So you finally have your Gatling load tests humming in local dev, but the moment you push to GitLab CI, they crawl, fail, or vanish into mountains of opaque logs. Sounds familiar. Gatling deserves better, and so do your pipelines. Let’s fix that.
Gatling simulates real-world user traffic while GitLab CI automates your build, test, and deploy. Each does its job beautifully alone. Together, they turn into a performance feedback loop that tells you exactly how your app behaves under stress, right when new code hits main. The trick is wiring them up so that runs are predictable, secure, and fast.
Start by treating performance testing as a first-class pipeline stage. Your GitLab job should trigger Gatling tests against your target environment using ephemeral credentials, not long-lived secrets hanging around in variables. Tie this into your environment configuration so test parameters align with the branch or tag context. For example, staging gets 200 virtual users, production can scale up to your full load scenario.

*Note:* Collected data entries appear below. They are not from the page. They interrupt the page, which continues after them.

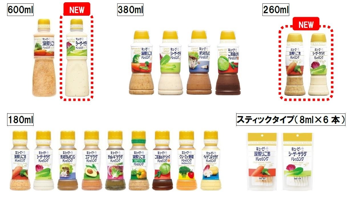 ドレッシング市場のボリュームゾーンである中容量帯(150~399ml)に対して、これまでキユーピーは180mlと380mlの2つの容量で展開してきました。世帯構成の変化や嗜好の多様化が進む中、あらゆる世帯や使用場面にフィットする容量ラインアップを目指し、主力の「深煎りごまドレッシング」と「シーザーサラダドレッシング」から新容量260mlを発売します。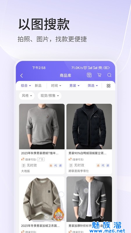 跨联易购app(com.zj.jx.klyg)是一款很不错的服装批发购物软件,在这款软件中汇集了大量不同类型不同款式的服装批发产品,各种最新上线的服装衣物、热销产品、时尚造型衣物等资源全面覆盖,在线批发采购更便捷。在跨联易购官网版中还能通过搜图的方式拿货,有需要的用户快试试吧。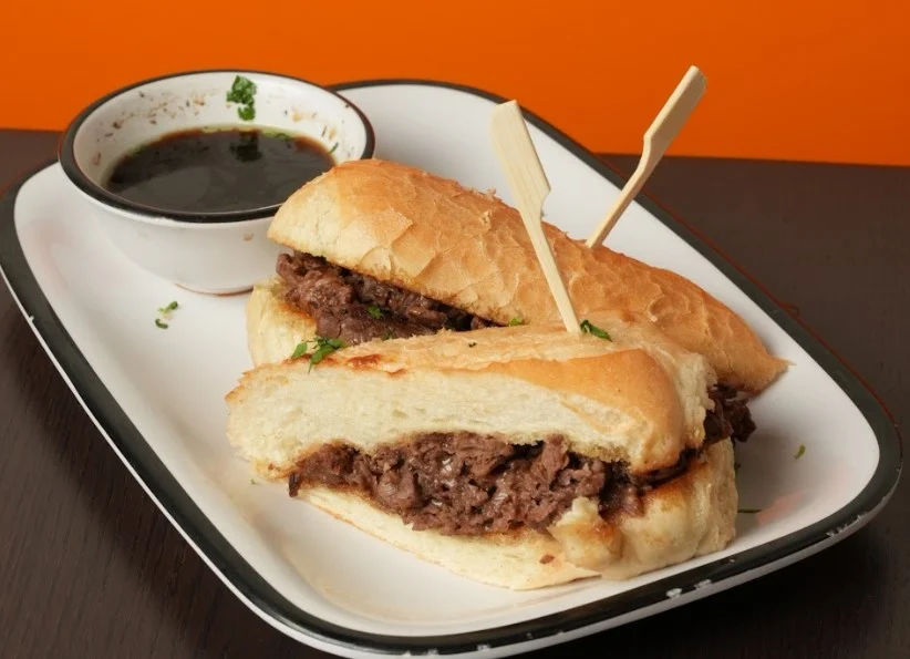 shaved ny strip and swiss cheese served with housemade horseradish, au jus for dipping and french fries.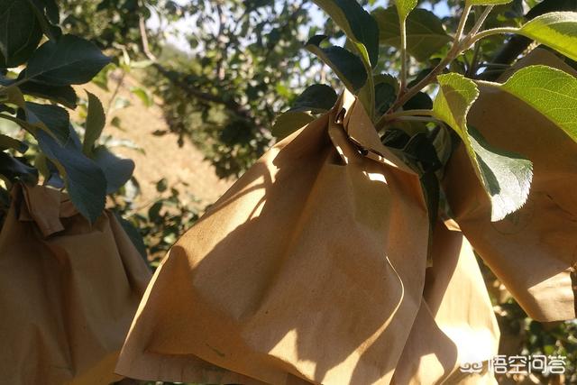 红富士苹果套袋选择的是蜡纸(外面一层是牛皮纸,里面一层是红色的蜡纸),相比较以前的那种里面是黑色的塑料纸来说,对于苹果上色、防止苹果烧伤有很多的好处。所以现在都流行这种。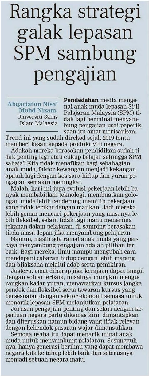 Rangka strategi galak lepasan SPM sambung pengajian

Then, focus on artifact flow. Gatling generates reports, and GitLab wants them versioned. Store only the HTML result summary in CI artifacts, not gigabytes of raw data. That alone will keep your storage and job logs clean. Add Slack or email notifications that link straight to the Gatling report URL so your developers can check latency deltas without spelunking GitLab pages.
How do I secure credentials between Gatling and GitLab CI?
Use dynamic service accounts tied to job scopes and rotate them automatically. Rely on OIDC or your identity provider to issue short-lived tokens instead of static environment variables. This keeps your CI compliant with SOC 2 and AWS IAM best practices while cutting the attack surface to almost nothing.